Masked Face Recognition
- Tech Stack: Python, Tensorflow, OpenCv, Numpy
- Paper Link: Dergi Park
Developed a Face Recognition Program for Masked Individuals
Pioneered the development of a cutting-edge face recognition system designed to identify individuals even when wearing masks. The program was specifically created to enhance security measures while adhering to health guidelines, preventing the need for mask removal during identification.
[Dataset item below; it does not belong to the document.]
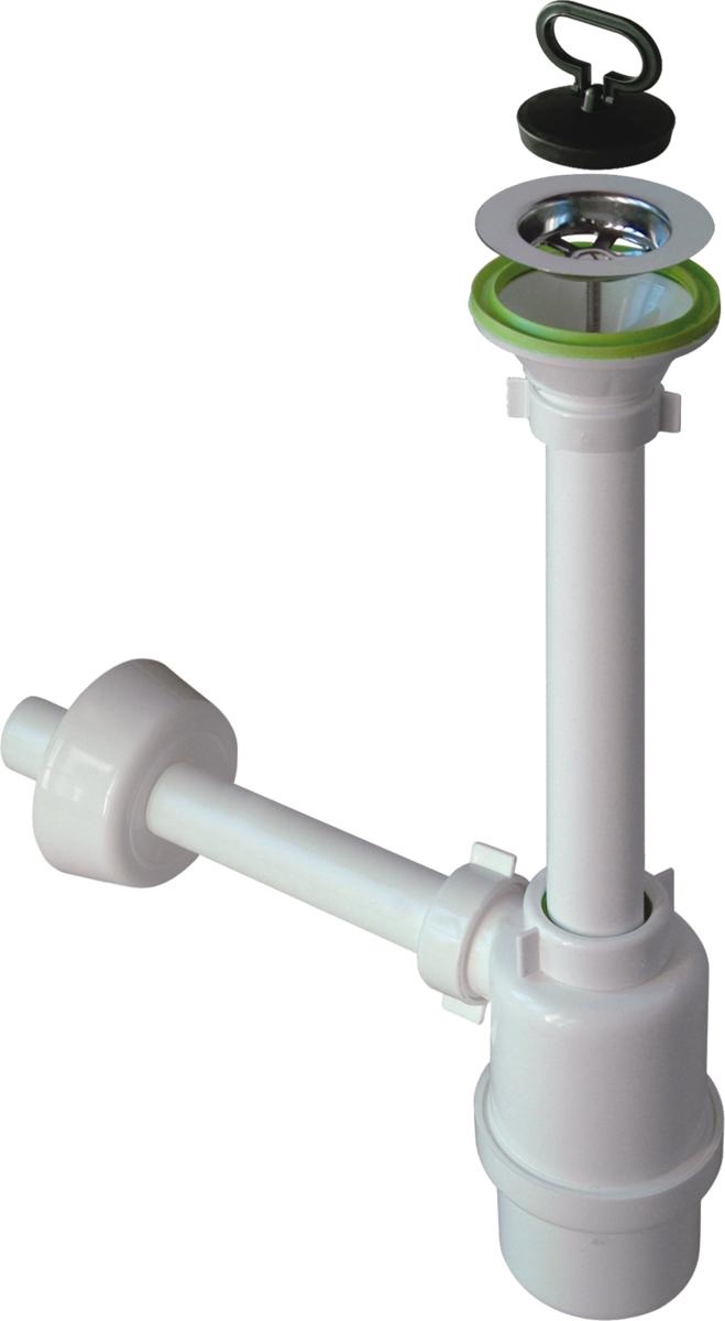 Sifone “FIASCA” per lavello a 1 Via, scarico D.32 x 200 mm, materiale POLIPROPILENE PP colore bianco. Applicazione: per lavelli cucina ad una bacinella, portata (l/min) 46.6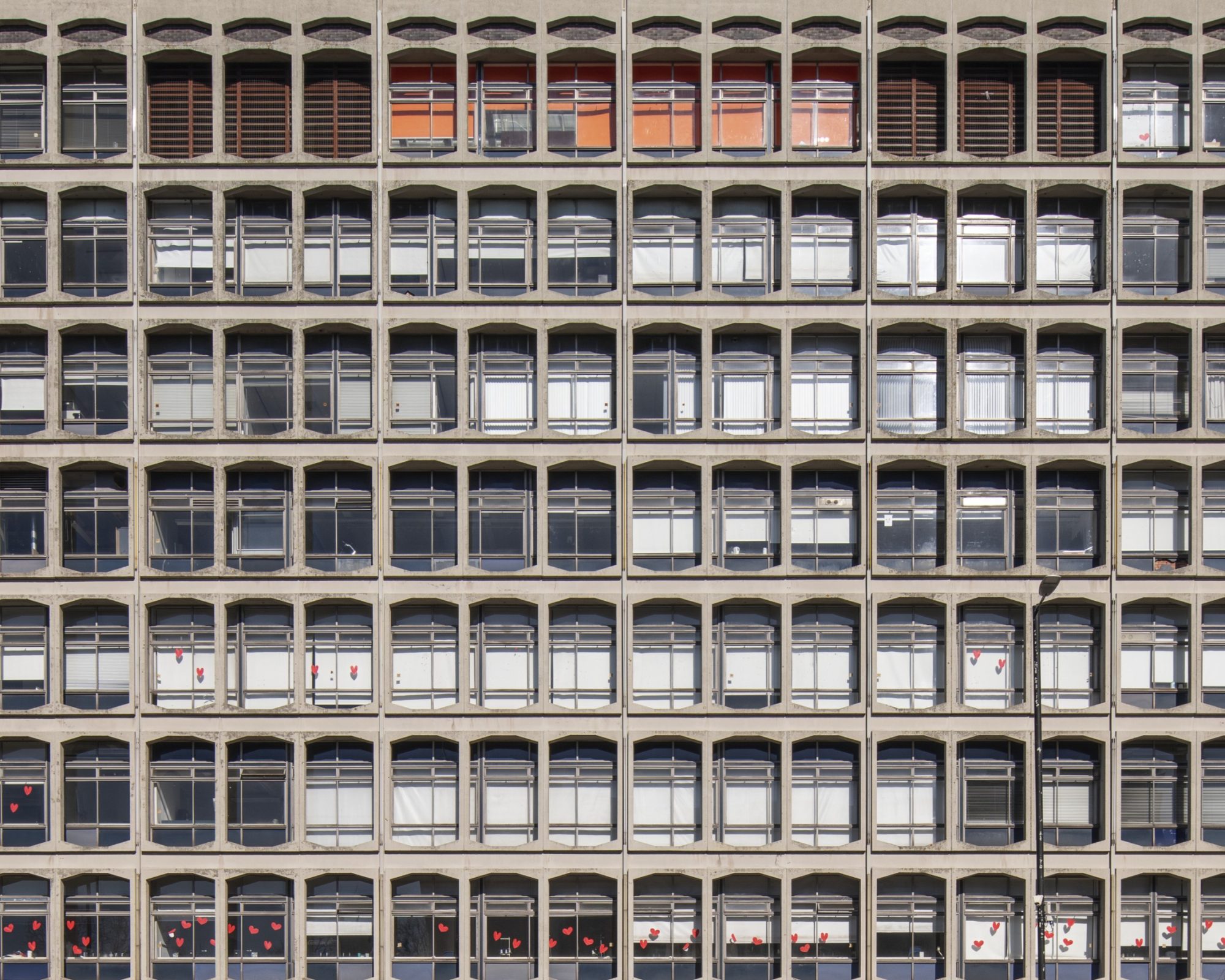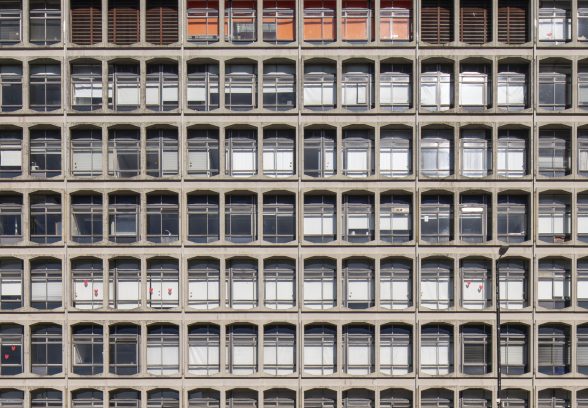 The 8-storey building is defined by a geometric ‘exoskeleton’ of pre-cast modular concrete panels, its tripartite openings with canted corners a nod to swinging sixties pop-art and graphic design. The robust detailing and flexible plan has ensured the building has remained in its original use for more than 50 years and survives in excellent condition. At the base of the tower is ‘Echelons with Concrete Pillars’, a site-specific sculpture commissioned to mark the inauguration of the new building, by notable sculptor Hubert Dalwood (1924-76).

Overcame Data Shortage Challenges through AI Simulation
Tackled the challenge of data shortage by leveraging artificial intelligence to simulate masked faces. This innovative solution enriched the dataset, enabling the system to train more effectively and achieve high levels of accuracy even when identifying individuals wearing masks.
Leveraged Computer Vision and AI Technologies
Utilized state-of-the-art computer vision and artificial intelligence algorithms to achieve highly accurate facial recognition. This technological backbone ensures the system's reliability and effectiveness in various environmental conditions and scenarios.
Achieved Exceptional Accuracy
Rigorously tested the program under different conditions to ensure optimal performance. Successfully achieved an accuracy rate of above 96.5%, demonstrating the system's robustness and reliability in real-world applications.
Health and Safety Applications
Aimed to contribute to public health efforts, the system allows for secure identification procedures without requiring mask removal, thereby reducing the risk of virus transmission. This feature makes the program particularly useful in sensitive areas such as healthcare facilities, airports, and other high-traffic public spaces.